Tuesday, September 22, 2020

Thoughts for the Day: Tuesday 22 September 2020

 


Thus, at times when it seems as if people of color or women will become equal to white men, oligarchs are able to court white male voters by insisting that universal equality will, in fact, reduce white men to subservience. Both slaveholders in the 1850s and Movement Conservatives a century later convinced white American men that equality for people of color and women would destroy their freedom.


The business of history proper is to do with action, not natural event.

Postmodernists can be prone to narcissism, value relativism, a return to magical or mythical thinking, and intense forms of antimodernism that threaten to undermine the social foundations upon which postmodern culture itself ultimately depends.

There is never much point, whether in aesthetic or philosophic criticism, in arguing for coherent patterns of thought in the life’s work of a thinker or a poet. The history of all thought is broken up into new starts, blind alleys, reactionary retreats, fake advances, whether in one person’s work or in a collective movement. Yet in a life, as in an epoch, we search out form and direction. A biography is an attempt to place a life against a moral horizon, to frame it with its recognisable landmarks and pathways. One such framing was for Collingwood the long journey to make philosophy and history synonymous.
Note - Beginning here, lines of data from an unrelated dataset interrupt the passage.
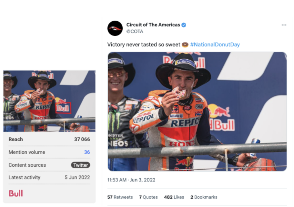 In this example, Brandwatch’s Image Insights detected the Red Bull logo in a viral race day moment, showing how the brand appeared in social media conversations.
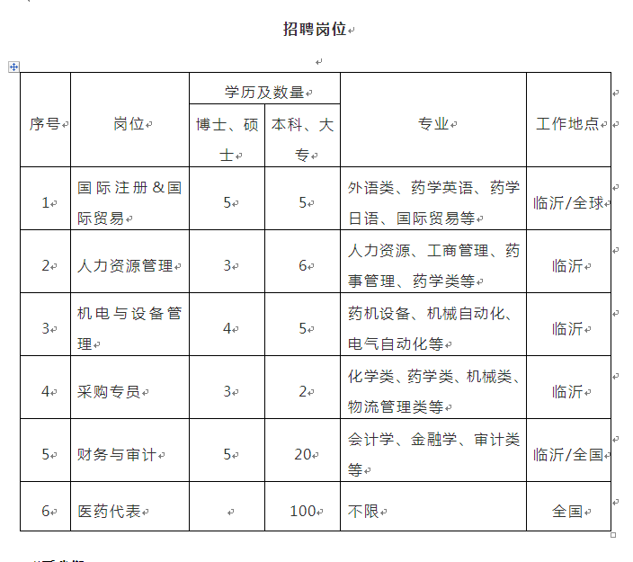 山东罗欣药业集团招聘
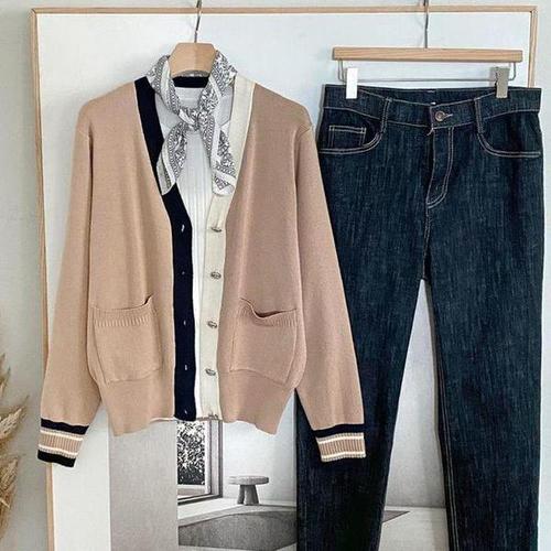 [다잇템_패션]여성 V넥 롱슬리브 카디건 레이온 주머니 니트
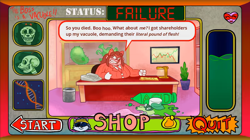 GutBuster is a classic arcade-style shooter, with hand-drawn animations and satirical comedy about corporate greed, the digestive system, and erotic gluttony. Controls are simple: just run, while the gun shoots upwards automatically! Run and use your dodge-roll ability to avoid the food targets as you blast, so you don't get crushed! This is a challenging, yet casual game where you can continue as many times as you want. Accessibility options are available if you want to make it easier, or just want to see the story.
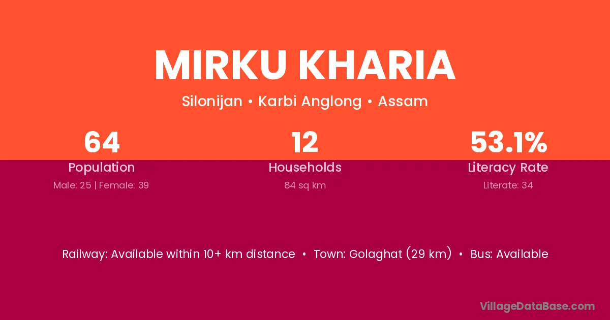 Golaghat (29 km) is the nearest town to Mirku Kharia village for major economic activities and is located approximately 29 km away.
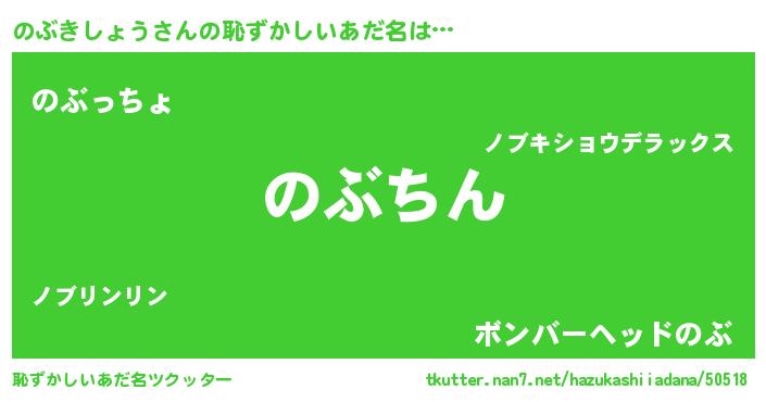 | 胡散臭い通販商品みたいなあだ名 | 『絶対に幸福をもたらす水素水…その名も「のぶきしょう」』 |
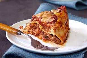 SPOON 1 cup meat sauce into slow cooker; top with layers of half each of the noodles, broken to fit; and cheese mixture. Cover with 2 cups meat sauce. Top with remaining noodles, broken to fit; cheese mixture and meat sauce. Cover with lid.
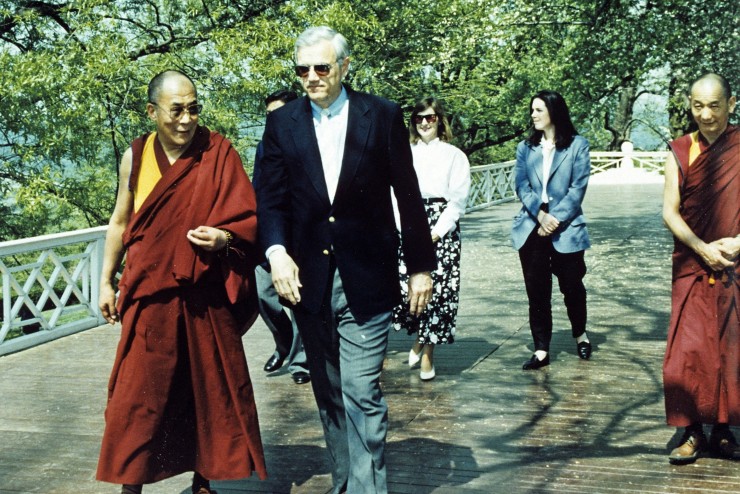 The XIVth Dalai Lama, Tenzin Gyatso, on the North Terrace with Dan Jordan at Monticello.

Pythagoras seems to have interposed numbers between the One and the Many, formulating for seemingly the first time the One-Few-Many which Empedocles would transpose into his theory of elements and Plato would expand into his Theory of Ideas. This doctrine is expressed in a range of ways which embody the transition from mythology to philosophy. There is a more imagistic mythological mode of expression, in which the idea of the Cosmic Person is used, perhaps under Orphic influence, and a more abstract structuralist mode, in which mathematics takes the place of myth.
And if the above wasn't deep enough for you, here's Hannah Arendt for the deeper dive, but I'm happy to report, quite succinct today:

Popular language, as it expresses preliminary understanding, thus starts the process of true understanding.